Light Curves (observed both at Lulin and in Taichung City)

(Picture Courtesy: Kiwi Zhang and Chilong Lin)

The catalogued star TYC 1947-00293-1 (V = 10.0) was occulted by the asteroid (87) Sylvia (V = 12.6, size = 192x132x116 km) at around 19:00 UT, 2006 December 18. This event was predicted with a maximal occultation duration around 23.4 seconds. Its shadow was expected to pass through the northern half of Taiwan where the TAOS site (Lulin) is near the southern edge. The asteroid (87) Sylvia is known as a triple asteroidal system, that is very special (other than the Pluto and Charon quartet) in our Solar System. Using a special zipper mode operation, two working TAOS telescopes (TAOS A and TAOS B) are able to identify this event clearly while running in synchronous mode. A 40-cm telescope at Lulin (running by Hung-Chin Lin) and a 10-inch telescope (F/4, with WATEC-902H CCD & was recorded by SHARP-Z5U DV) in Taichung City (running by Dr. Chilong Lin) observed this event at the same time. (Here is a map of Taichung-Lulin area.) There was no satellite occultation event detected. However, both the TAOS telescopes and the 40-cm telescope observed a ~32% flux drop (nearly 0.4 magnitudes) lasted for about 20.5 seconds. The Taichung team saw two (32% and 57%) flux drops separated by two or three video frames. The duration of these two flux drops are about 23.9 seconds and 10.8 seconds respectively.

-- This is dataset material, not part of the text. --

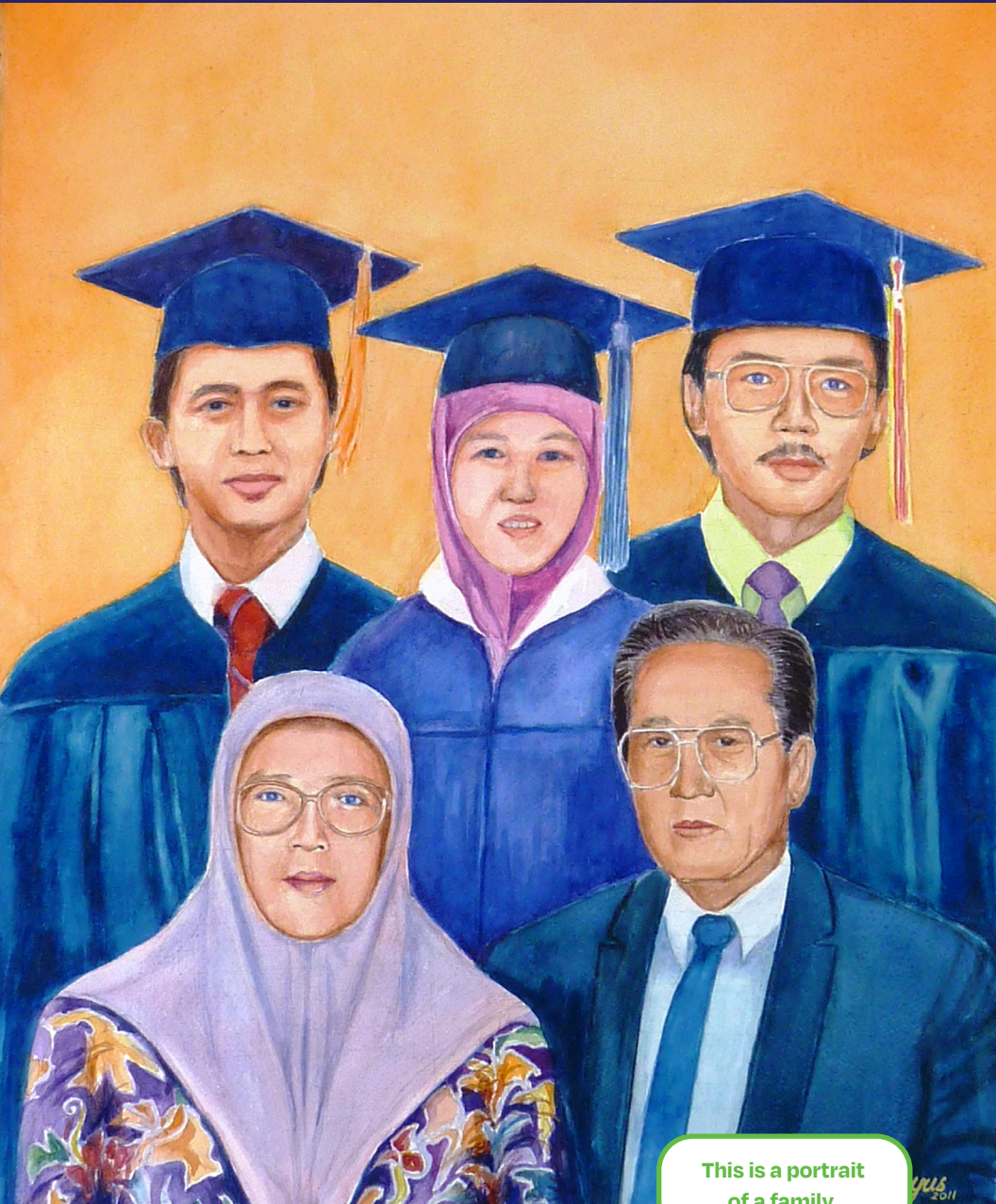
This is a portrait of a family.

All flux drops measured are consistent with the assumption that the background star is really a binary system. Their brightness ratio is about 1.8. The spectrum (picture courtesy: National Central University) of this binary system shows that the primary should be an F-type star. This is a previous unknown binary system that was first resolved by this observation.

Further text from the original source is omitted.